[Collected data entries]
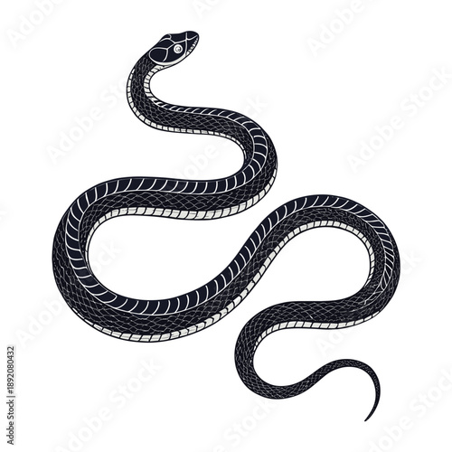 © Elena, Obraz premium Black snake illustration with intricate patterns on white background
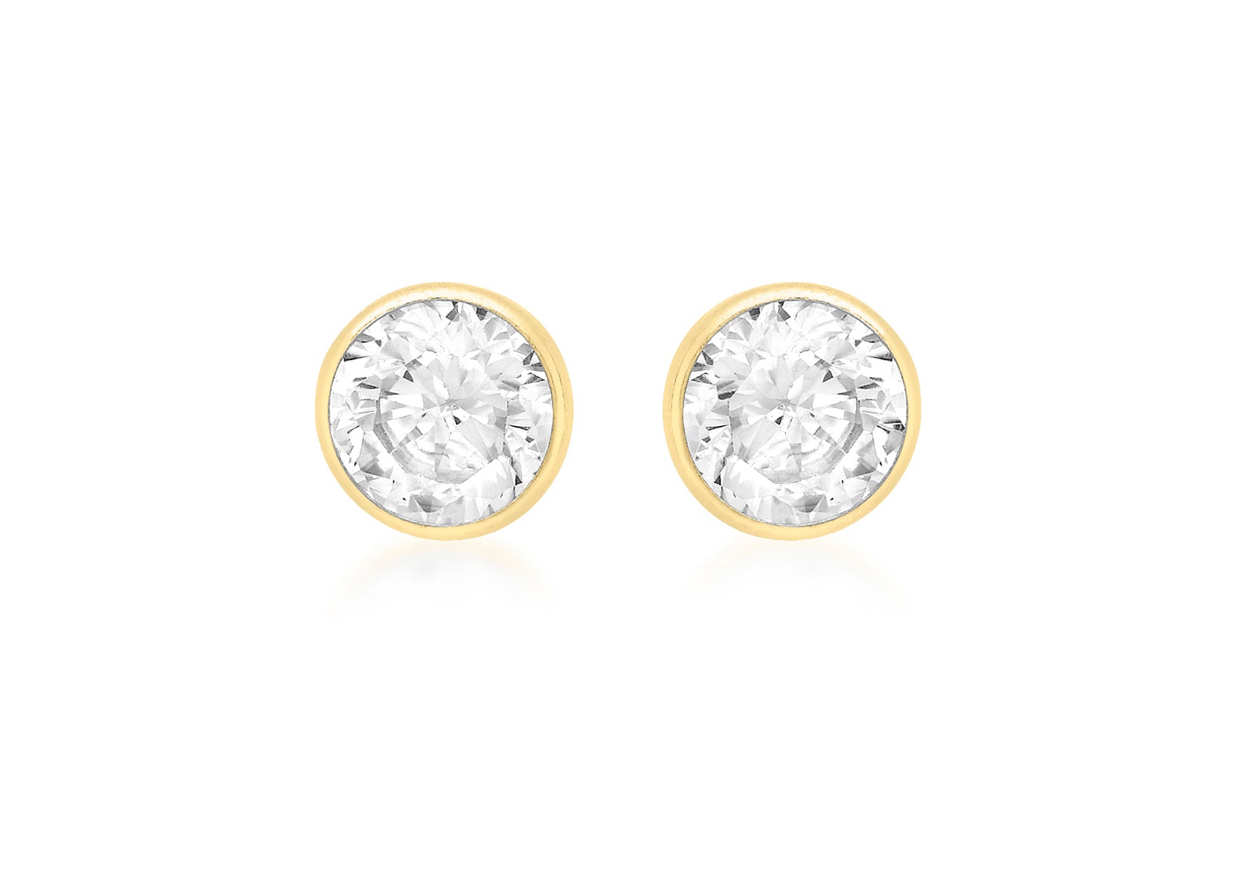 Diameter: 5.3mm Finish: Polished Fitting: Post Setting: Rubover Stone Details: 2 x 5mm Round White CZs Style: Stud Product Type: Earrings Metal Colour: Yellow Metal: 9ct Gold
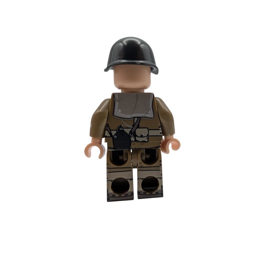 The San Marco Private minifigure captures the average Italian naval infantryman during WWII. Wearing a tan uniform with printed field gear and helmet insignia, this figure reflects the daily reality of soldiers tasked with amphibious landings, coastal defence, and naval security.
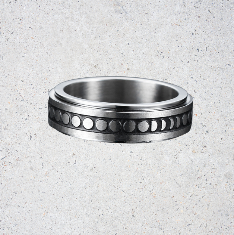Say goodbye to anxious thoughts with just a few spins a day! This ring is designed like a fidget spinner aimed to deliver the same stress-relieving feature but more accessible to you. Whenever you're overwhelmed with emotions at work or at school, this ring is your best companion. And with its elegant moon phase design, it's the perfect accessory for everyday wear.
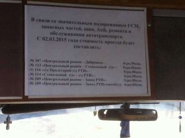 В Лисичанске в маршрутных такси появились объявления о повышении цен на проезд. Это касалось нескольких городских маршрутов.
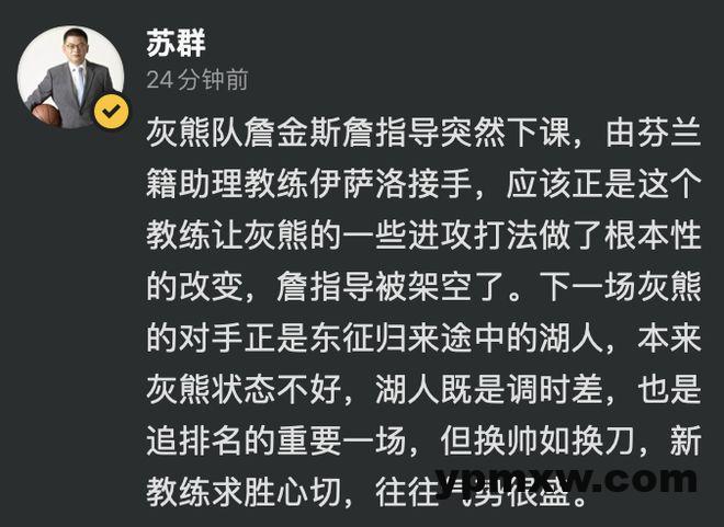 “灰熊队詹金斯詹指导突然下课,由芬兰籍助理教练伊萨洛接手,应该正是这个教练让灰熊的一些进攻打法做了根本性的改变,詹指导被架空了。下一场灰熊的对手正是东征归来途中的湖人,本来灰熊状态不好,湖人既是调时差,也是追排名的重要一场,但换帅如换刀,新教练求胜心切,往往气势很盛。 ”苏群写道。
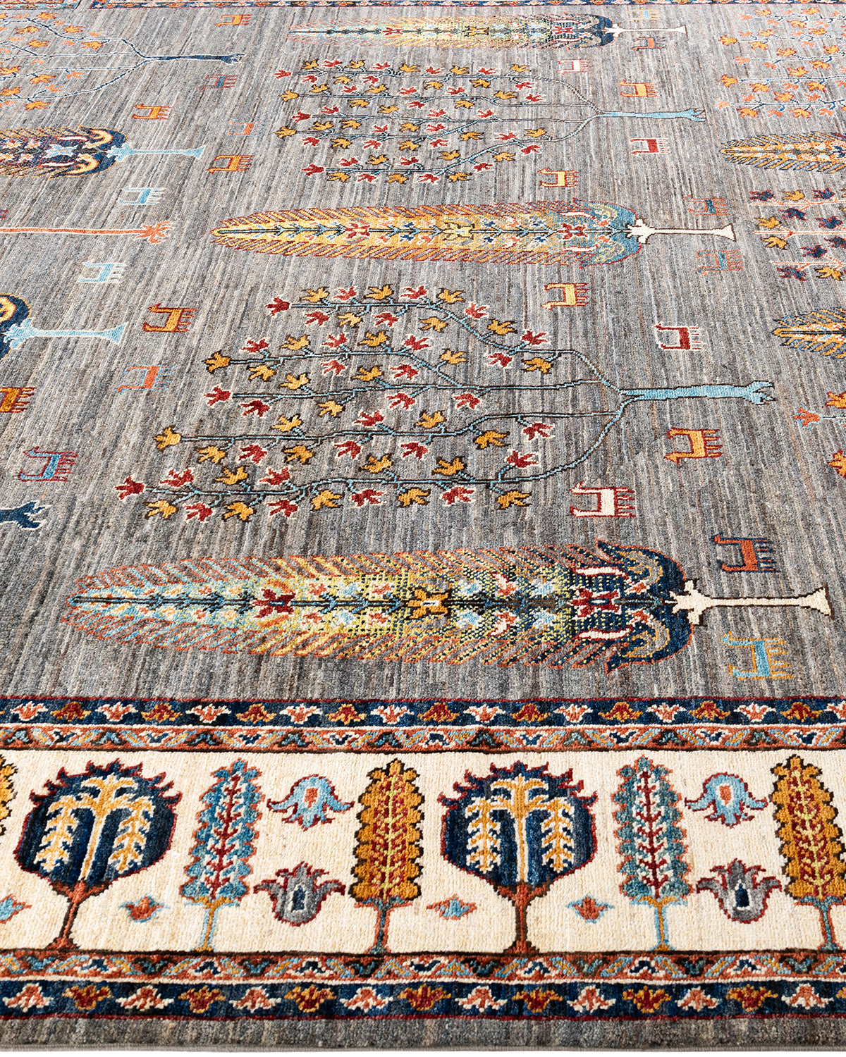 The rich textile tradition of western Africa inspired the Tribal collection of hand-knotted rugs. Incorporating a medley of geometric motifs, in palettes ranging from earthy to vivacious, these rugs bring a sense of energy as well as plush texture to any room.
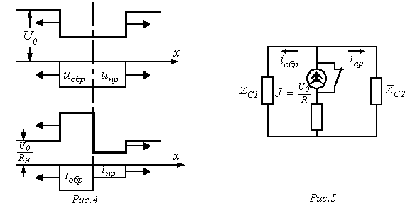 не подключается, а отключается, то расчет возникающих при этом волн тока и напряжения следует осуществлять по схеме рис.5.
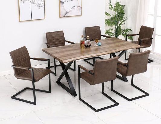 Faux Live Edge 7 Pc Wood Dining Set w Charcoal Brown PU Chairs

(WORK INSTRUCTIONS): In the copy, keep every line of the data above exactly and drop each picture.

(PROBLEM SOLUTION):
 © Elena, Obraz premium Black snake illustration with intricate patterns on white background
 Diameter: 5.3mm Finish: Polished Fitting: Post Setting: Rubover Stone Details: 2 x 5mm Round White CZs Style: Stud Product Type: Earrings Metal Colour: Yellow Metal: 9ct Gold
 The San Marco Private minifigure captures the average Italian naval infantryman during WWII. Wearing a tan uniform with printed field gear and helmet insignia, this figure reflects the daily reality of soldiers tasked with amphibious landings, coastal defence, and naval security.
Say goodbye to anxious thoughts with just a few spins a day! This ring is designed like a fidget spinner aimed to deliver the same stress-relieving feature but more accessible to you. Whenever you're overwhelmed with emotions at work or at school, this ring is your best companion. And with its elegant moon phase design, it's the perfect accessory for everyday wear.
 В Лисичанске в маршрутных такси появились объявления о повышении цен на проезд. Это касалось нескольких городских маршрутов.
 “灰熊队詹金斯詹指导突然下课,由芬兰籍助理教练伊萨洛接手,应该正是这个教练让灰熊的一些进攻打法做了根本性的改变,詹指导被架空了。下一场灰熊的对手正是东征归来途中的湖人,本来灰熊状态不好,湖人既是调时差,也是追排名的重要一场,但换帅如换刀,新教练求胜心切,往往气势很盛。 ”苏群写道。
 The rich textile tradition of western Africa inspired the Tribal collection of hand-knotted rugs. Incorporating a medley of geometric motifs, in palettes ranging from earthy to vivacious, these rugs bring a sense of energy as well as plush texture to any room.
 не подключается, а отключается, то расчет возникающих при этом волн тока и напряжения следует осуществлять по схеме рис.5.
 Faux Live Edge 7 Pc Wood Dining Set w Charcoal Brown PU Chairs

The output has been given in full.